The Exonerated

I booked tickets to this show purely on the fact that Alanis Morissette was going to be in it so I had no idea what the play was going to be about. What we got was an education on faith especially in the face of death.

The Exonerated tells the true stories of six innocent survivors of death row, each convicted for a crime they didn’t commit and sentenced to death. The stage was set out fairly simply with 10 chairs set out in a row. Each survivor tells their story but we switch between each of them as we find out how they came to be on death row and their escape.
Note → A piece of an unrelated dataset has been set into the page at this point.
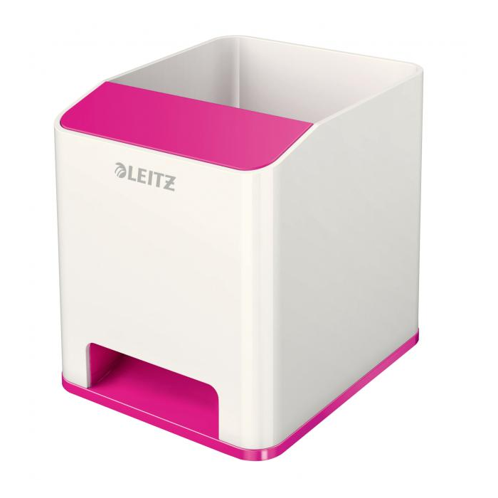 Neprehliadnuteľný štýlový stojan na perá v prémiovej kvalite Leitz v štýlových žiarivých farbách WOW. Extra odkladač pre smartphone do veľkosti iPhone 6 plus so špeciálnou funkciou pre zosilovanie zvuku, veľa miesta pre písacie potreby, pravítko, stylus a iné drobnosti. Moderný dizajn, ktorý vyzerá rovnako dobre v kancelárii, ako aj doma na pracovnom stole, dobre dopĺňa ostatné produkty radu WOW.

As an interview type format is undertaken, with the audience as the interviewer, we are drawn in and able to feel the emotion that each survivor, and their family, feels.

It is at first heart-breaking when you hear of the circumstances of their conviction but then inspirational as each and every suvivor finds something in them to believe that justice will win out, and that life is too short to spend it angry and vengeful. So even though these survivors have never received compensation for their wrongful conviction you get the feeling from their testimonials that freedom was enough for them.

The Exonerated is a play that I would recommended. Sure it seems like a biting attack on the US legal system and also raises questions about whether the death penalty has a place in any legal system but ultimately its about the amazing fortitude of these six survivors and the importance of hope in all our lives.

As a side note Alanis Morissette didn’t break out in song in the middle of this.